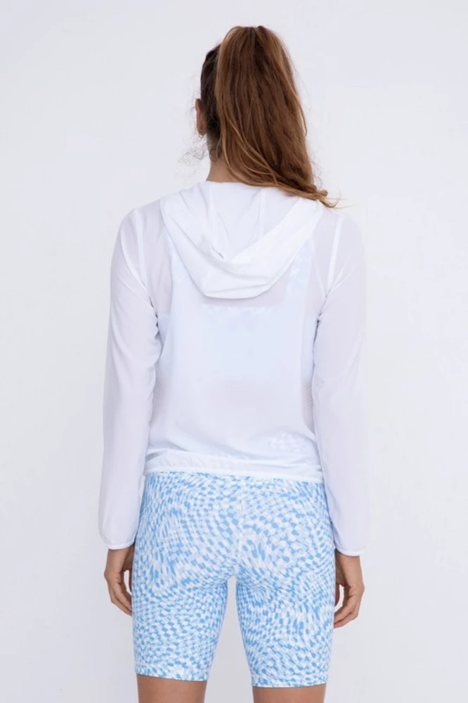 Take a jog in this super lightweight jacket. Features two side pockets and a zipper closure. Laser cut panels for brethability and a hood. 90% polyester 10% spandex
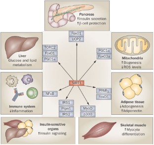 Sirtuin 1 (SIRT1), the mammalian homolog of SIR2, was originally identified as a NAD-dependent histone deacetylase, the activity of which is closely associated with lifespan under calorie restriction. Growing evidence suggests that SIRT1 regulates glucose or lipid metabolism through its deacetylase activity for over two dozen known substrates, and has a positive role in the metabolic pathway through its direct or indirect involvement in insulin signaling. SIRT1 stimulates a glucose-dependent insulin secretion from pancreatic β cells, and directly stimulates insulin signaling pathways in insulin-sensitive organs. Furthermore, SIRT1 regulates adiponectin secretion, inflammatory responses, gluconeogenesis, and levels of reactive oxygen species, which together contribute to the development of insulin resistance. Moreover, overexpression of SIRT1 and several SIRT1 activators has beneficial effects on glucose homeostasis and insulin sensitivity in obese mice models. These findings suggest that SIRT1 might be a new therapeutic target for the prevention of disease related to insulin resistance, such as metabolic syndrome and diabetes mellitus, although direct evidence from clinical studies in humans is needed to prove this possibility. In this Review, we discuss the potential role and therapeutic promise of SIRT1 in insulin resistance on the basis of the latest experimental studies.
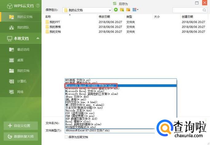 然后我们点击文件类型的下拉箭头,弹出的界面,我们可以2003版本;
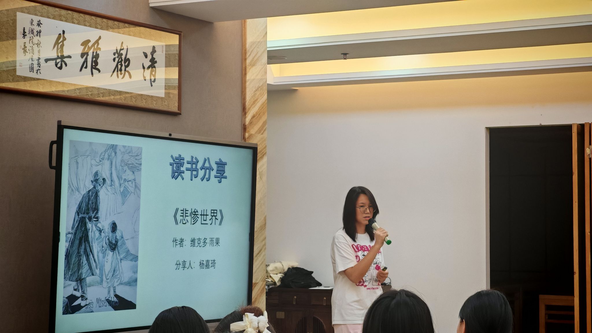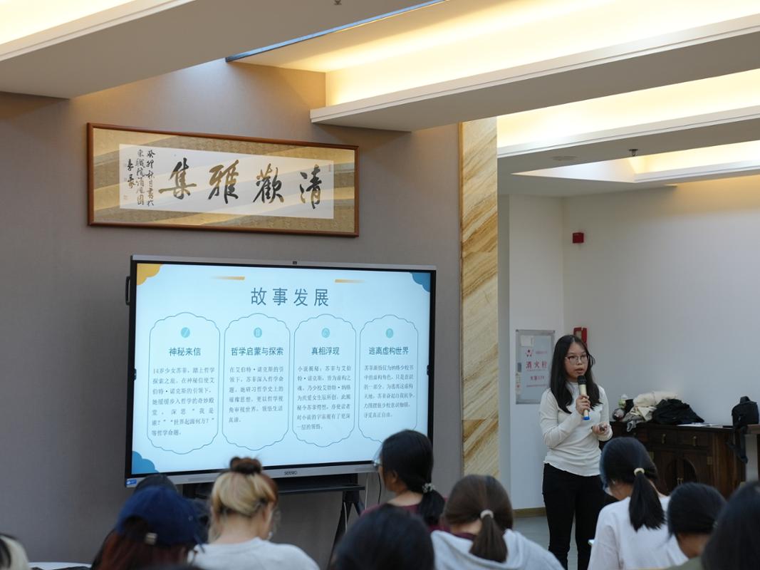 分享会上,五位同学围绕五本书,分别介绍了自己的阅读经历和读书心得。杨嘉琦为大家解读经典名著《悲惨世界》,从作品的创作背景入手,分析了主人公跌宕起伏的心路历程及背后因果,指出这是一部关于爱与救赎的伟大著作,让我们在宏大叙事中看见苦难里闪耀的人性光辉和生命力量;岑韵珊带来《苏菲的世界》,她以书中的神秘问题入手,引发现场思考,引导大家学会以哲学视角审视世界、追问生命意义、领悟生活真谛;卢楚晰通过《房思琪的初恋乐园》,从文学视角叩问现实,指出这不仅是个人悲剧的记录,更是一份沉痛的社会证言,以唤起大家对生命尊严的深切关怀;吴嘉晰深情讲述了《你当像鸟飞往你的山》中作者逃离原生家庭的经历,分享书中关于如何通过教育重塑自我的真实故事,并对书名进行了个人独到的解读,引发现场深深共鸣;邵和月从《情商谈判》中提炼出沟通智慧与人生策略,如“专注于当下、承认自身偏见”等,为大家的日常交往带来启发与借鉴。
────────────────
◆ **ASSIGNED TASK**
Every line above should be printed again word for word, without its pictures.

◆ **OUTPUT FOR THIS TASK**
 Take a jog in this super lightweight jacket. Features two side pockets and a zipper closure. Laser cut panels for brethability and a hood. 90% polyester 10% spandex
 Sirtuin 1 (SIRT1), the mammalian homolog of SIR2, was originally identified as a NAD-dependent histone deacetylase, the activity of which is closely associated with lifespan under calorie restriction. Growing evidence suggests that SIRT1 regulates glucose or lipid metabolism through its deacetylase activity for over two dozen known substrates, and has a positive role in the metabolic pathway through its direct or indirect involvement in insulin signaling. SIRT1 stimulates a glucose-dependent insulin secretion from pancreatic β cells, and directly stimulates insulin signaling pathways in insulin-sensitive organs. Furthermore, SIRT1 regulates adiponectin secretion, inflammatory responses, gluconeogenesis, and levels of reactive oxygen species, which together contribute to the development of insulin resistance. Moreover, overexpression of SIRT1 and several SIRT1 activators has beneficial effects on glucose homeostasis and insulin sensitivity in obese mice models. These findings suggest that SIRT1 might be a new therapeutic target for the prevention of disease related to insulin resistance, such as metabolic syndrome and diabetes mellitus, although direct evidence from clinical studies in humans is needed to prove this possibility. In this Review, we discuss the potential role and therapeutic promise of SIRT1 in insulin resistance on the basis of the latest experimental studies.
 然后我们点击文件类型的下拉箭头,弹出的界面,我们可以2003版本;
 分享会上,五位同学围绕五本书,分别介绍了自己的阅读经历和读书心得。杨嘉琦为大家解读经典名著《悲惨世界》,从作品的创作背景入手,分析了主人公跌宕起伏的心路历程及背后因果,指出这是一部关于爱与救赎的伟大著作,让我们在宏大叙事中看见苦难里闪耀的人性光辉和生命力量;岑韵珊带来《苏菲的世界》,她以书中的神秘问题入手,引发现场思考,引导大家学会以哲学视角审视世界、追问生命意义、领悟生活真谛;卢楚晰通过《房思琪的初恋乐园》,从文学视角叩问现实,指出这不仅是个人悲剧的记录,更是一份沉痛的社会证言,以唤起大家对生命尊严的深切关怀;吴嘉晰深情讲述了《你当像鸟飞往你的山》中作者逃离原生家庭的经历,分享书中关于如何通过教育重塑自我的真实故事,并对书名进行了个人独到的解读,引发现场深深共鸣;邵和月从《情商谈判》中提炼出沟通智慧与人生策略,如“专注于当下、承认自身偏见”等,为大家的日常交往带来启发与借鉴。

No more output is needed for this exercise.